Fulacht fia, Kyle, Co. Tipperary
Co. Tipperary |
Settlement Sites
Sitting in a field of improved pasture in Kyle, County Tipperary, this ancient cooking site has the quietly compelling shape of something half-remembered.
The crescent form of the mound, roughly seventeen metres at its widest, is characteristic of the fulacht fia, a type of prehistoric outdoor cooking place found in considerable numbers across Ireland. The mound itself is composed of heat-shattered stone and dark, charcoal-rich soil, the accumulated debris of countless episodes of fire-lighting, stone-heating, and water-boiling. At the centre of the crescent sits the trough, approximately five metres across and nearly a metre deep in places, open to the south-southwest. The standard interpretation is that stones were heated in a nearby fire, then dropped into a water-filled trough to bring it rapidly to the boil. Repeated use fractured the stones, and the spent fragments were gradually piled to either side, forming the characteristic horseshoe shape still visible today.

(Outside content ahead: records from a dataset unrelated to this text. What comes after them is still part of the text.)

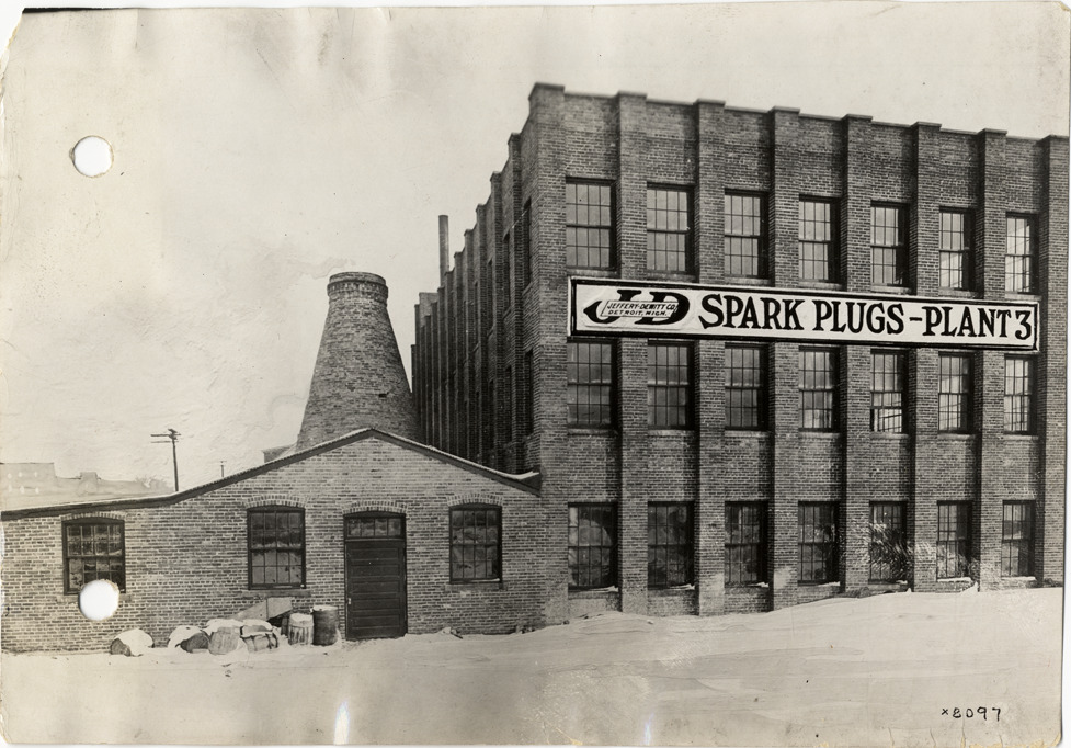 View of Jeffery-Dewitt Company Plant no. 3. Brick factory building has smokestack and "Jeffery-Dewitt Co., Detroit, Mich. JD spark plugs, plant 3" sign displayed on building facade. Handwritten on back: "Jeffery-DeWitt Plant 3 for J. Walter Thompson Co. Streets--Detroit."
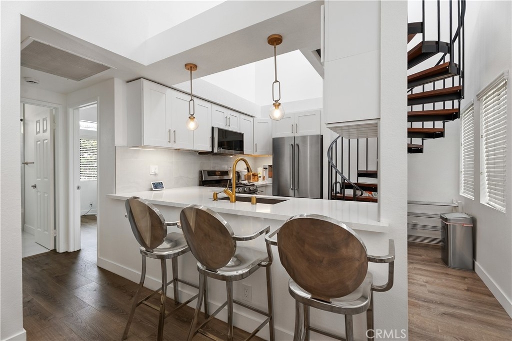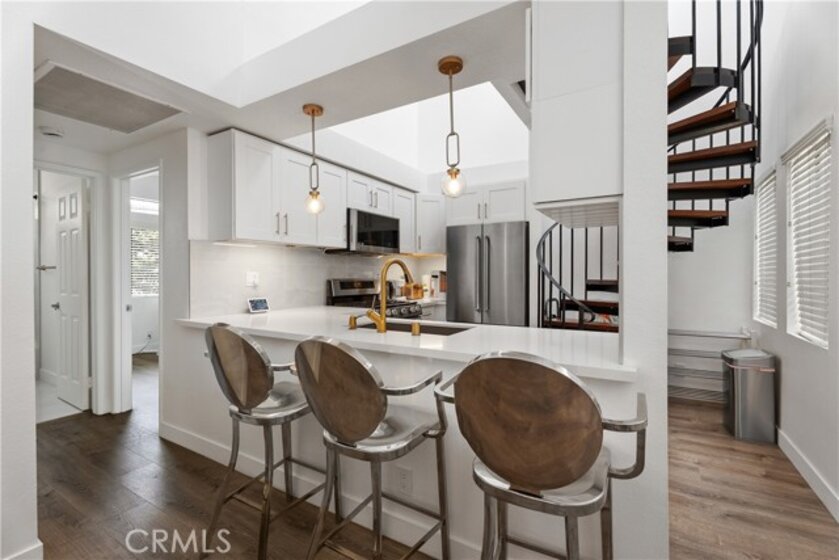 Immaculately upgraded. Come and enjoy a relaxed coastal setting where day to day convenience meets the ease of beachside living. This 2 bedroom/2bathroom home has been refreshed and thoughtfully upgraded throughout, reflecting a level of care that’s immediately felt the moment you enter inside. Every improvement has been made with intention, blending modern convenience with refined craftsmanship. Kitchen cabinets, bathrooms, flooring, and lighting have all been upgraded, creating a cohesive and elevated living experience. In the bathrooms, the vanities and expertly executed, floor-to-ceiling tile showers deliver a clean, polished look. The primary shower is designed for a spa-like experience, featuring dual shower heads and handheld fixtures for added convenience. Living spaces are enhanced by smart home features, including appliances, lighting, ceiling fans, and entry access, offering both efficiency and safety. Underfoot, luxury vinyl plank flooring remains in pristine condition, paired with a sound dampening barrier that adds a noticeable sense of quiet and comfort. The stairs showcase upgraded solid hardwood steps anchored by the modern black staircase, creating a strong architectural statement. Additional details, including reinforced closet storage for heavier items, fresh interior paint, upgraded lighting fixtures, and custom framing around skylights, further demonstrate the depth of quality and thought throughout. Outside you're just moments from the sand and the charm of Main Street Seal Beach, where boutiques, inviting cafés, and intimate dining create a true small town coastal atmosphere, and only a short drive to the vibrant energy of Huntington Beach with its renowned restaurants, entertainment, and shoreline activity. Move effortlessly between a relaxed beachside setting and a more dynamic coastal experience, all within minutes of home. This is an absolutely stunning turnkey home in a location perfect for all lifestyles. This one should not be missed.
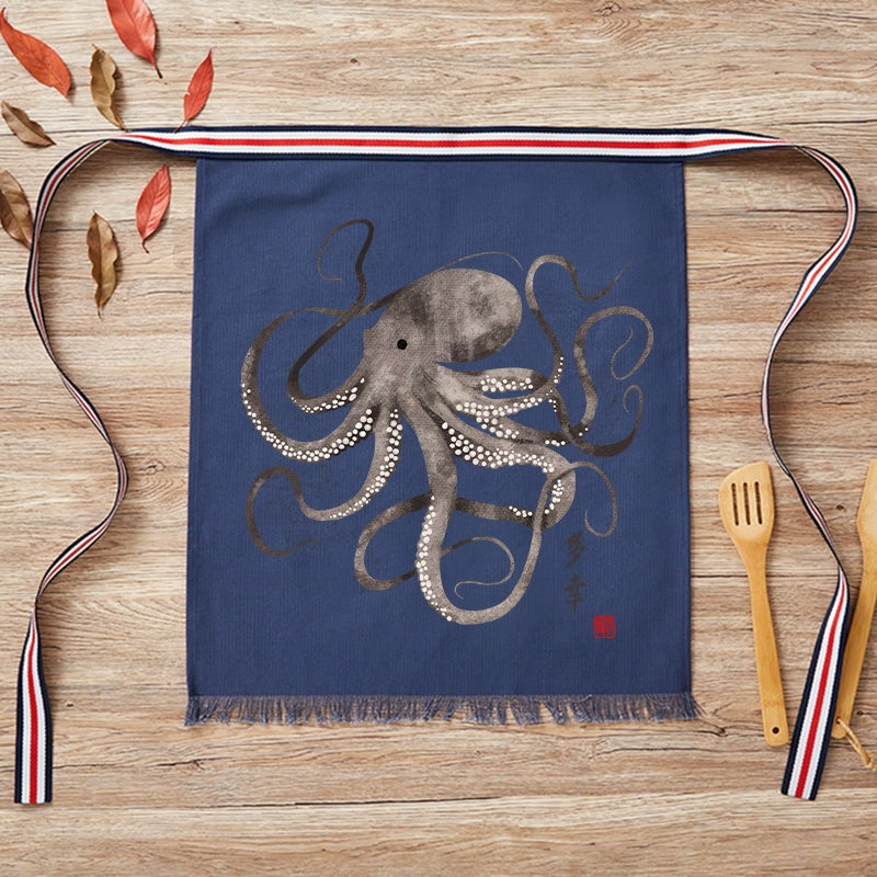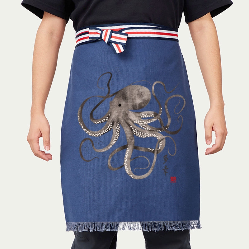 Tokyo-Tiger Octopus Japanese Calligraphy Half Apron

The mound itself is well-preserved toward its northern rear, where it reaches a height of 0.7 metres and a width of just over nine metres, tapering as the arms extend outward. The eastern and southern sectors have been truncated by a field fence, so the original extent is not fully legible from ground level. Most fulachta fiadh date to the Bronze Age, broadly speaking the period from around 2000 to 600 BC, though some examples in Ireland extend beyond those boundaries. What gives this particular site an additional point of interest is local information suggesting that a natural spring lies close to the southeast, within the young forestry that now flanks the monument on two sides. Access to a reliable water source is considered essential to the functioning of these sites, and the proximity of a spring here fits neatly with what the archaeology of fulachta fiadh elsewhere consistently shows.